At model training time, the generator is optimized to solve max _θ L _G (θ), where L _G (θ)＝E _I logD _η (I,G _θ (I) A kind of electronic device. Training generator G by means of SCST _θ SCST is a variant of reinforcement learning, using rewards under the decoding algorithm as a baseline. In this work, the decoding algorithm can be considered as a greedy algorithm, from argmaxp at each step _θ (.∣h _t ) The most likely word is selected. For a given image, a single sample w of the generator ^s Is used to estimate the full-sequence prize,wherein w is ^s ～p _θ (. I). Using SCST, the gradient estimation method is as in equation (15):

wherein,,obtained with a greedy maximum as shown in fig. 7. Note that the baseline does not change the expected value of the gradient, but reduces the variance of the estimated value.

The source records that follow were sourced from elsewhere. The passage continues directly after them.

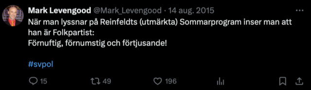 ”Oj, nu är mina följare på Twitter uppe i över 90 000. Det är ju fler än antalet hjärnceller på Sverigedemokraternas konferens i Västerås”.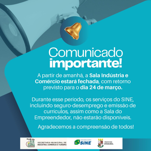 A partir de amanhã, a Sala Indústria e Comércio estará fechada, com retorno previsto para o dia 24 de março.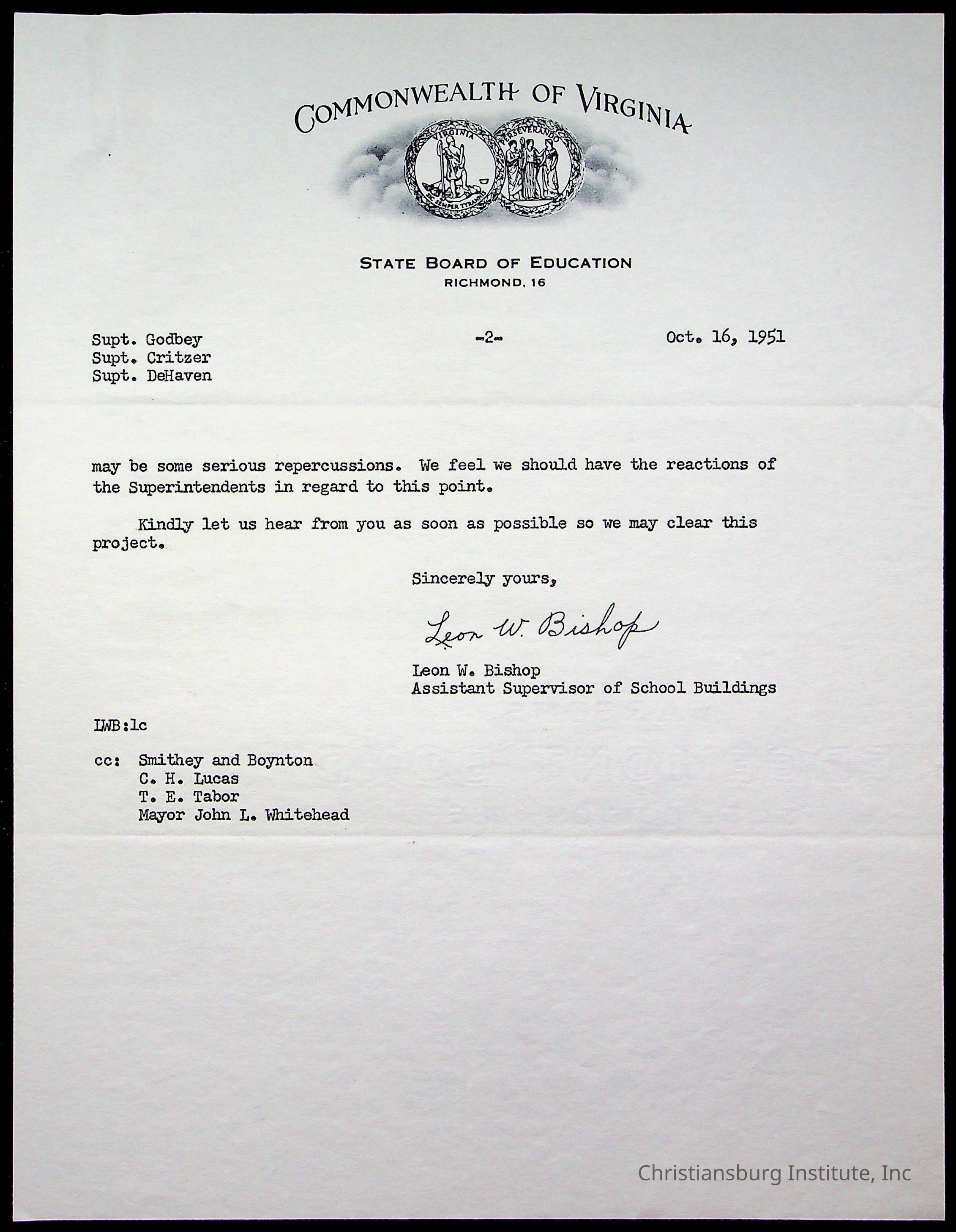 Christiansburg Institute, Montgomery County School Board, The Board of Control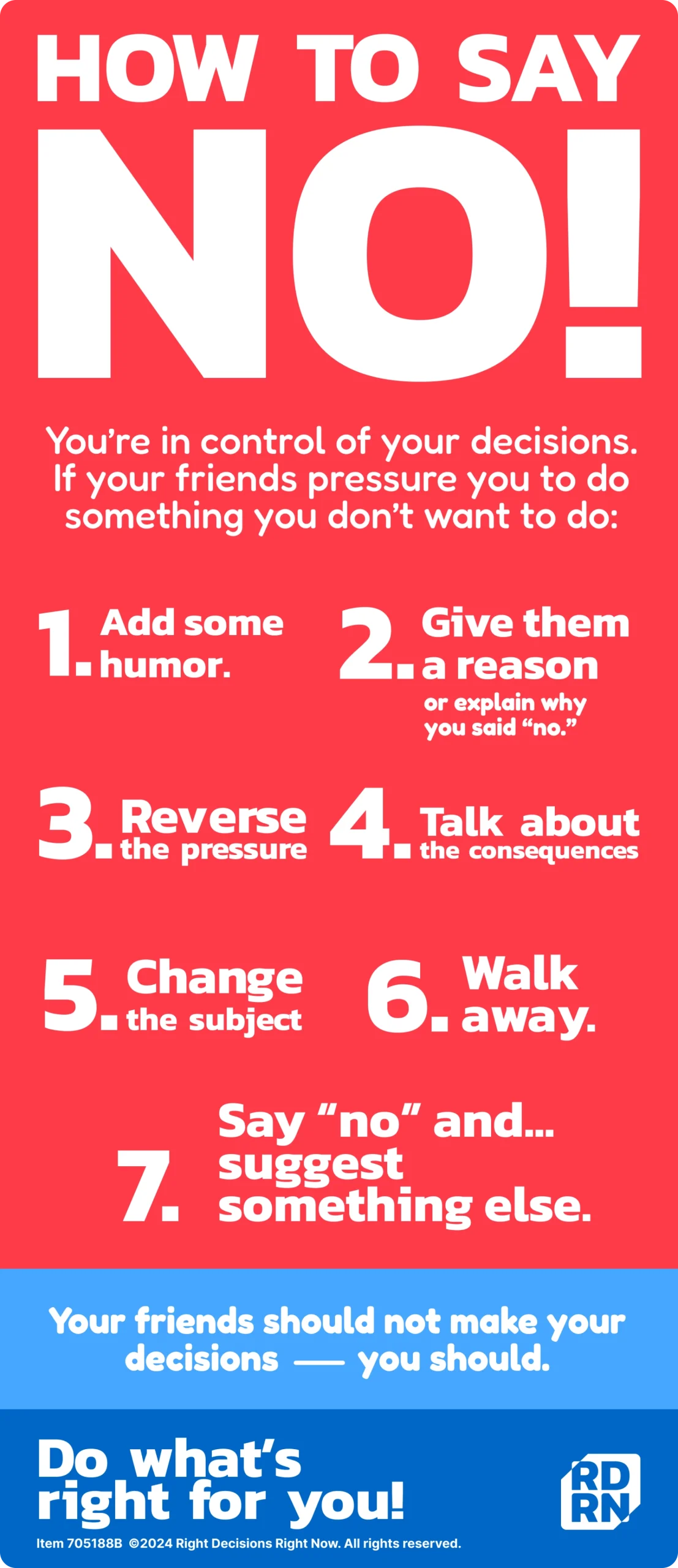 When you are feeling pressure to use tobacco and nicotine products because they are being offered to you, you can refuse in any number of ways. Check out the techniques and examples on the next pages and on the poster on this page.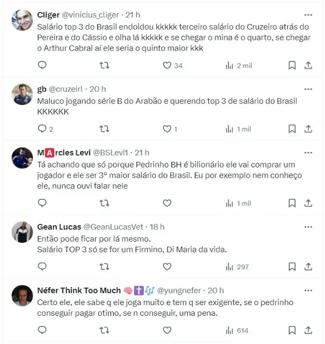 Além disso, o empresário norte-americano descartou qualquer possibilidade em entrar em um leilão pelo atleta. O Cruzeiro, por sua vez, apresentou uma proposta de 250 mil euros (R$ 1,2 milhão) mensais e uma bonificação.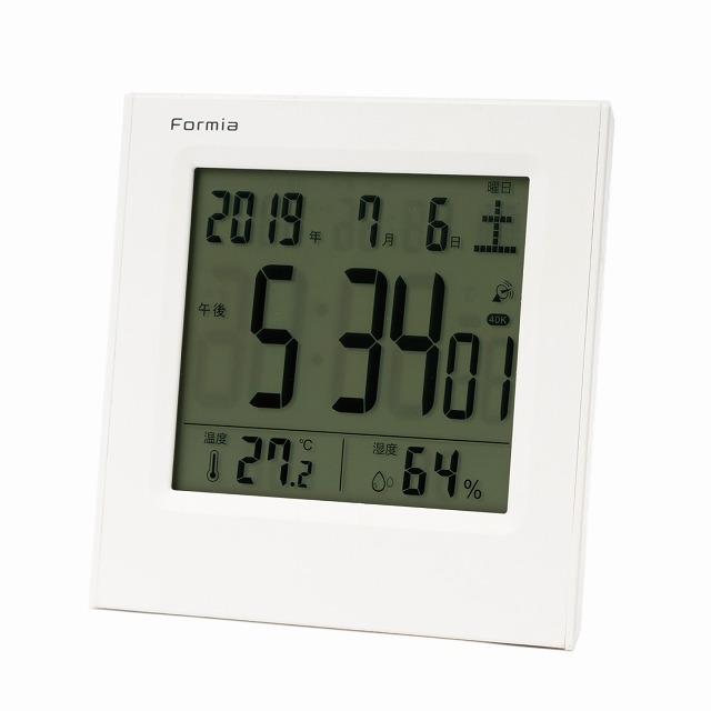 電波デジタル目覚まし時計 カレンダー 温度計 湿度計付き デジタルクロック Formia フォルミア 置き時計 HT-009RC

In addition, GAN training can describe the evaluation index r by using images _NLP Normalization is performed to bring the generated description close to the provided sample reference at the N-gram level. The gradient is then as in equation (16):

distinguishing device D _η Not only is training to distinguish between a real description and a fake description, but it is also possible to detect when an image is combined with a random uncorrelated real sentence, forcing it to check not only the composition of the sentence, but also the semantic relationship between the image and the description. To achieve this goal, this section solves the following optimization problem: max (max) _η L _D (eta) wherein L is lost _D (eta) is formula (17):

wherein w is a true sentence, w ^s Is a slave generator G _θ The resulting spurious description is sampled and w' is a true but randomly chosen description.

Claims

1. An image description generation method based on a common attention mechanism, which is characterized by comprising the following steps:

step 1: based on the image description method for generating the countermeasure network, the network model is divided into a generator and a discriminator, wherein the former is used for generating the description of the corresponding image; the latter is to evaluate the descriptive accuracy of the textual description on the image;

2. The method of claim 1, wherein the attention mechanism in step 2 is a prior-known attention mechanism.

3. The method of claim 1, wherein the arbiter network in step 5 is a common attention arbiter.

4. The method of claim 1 wherein the model training method of step 6 is trained using an SCST reinforcement learning network model.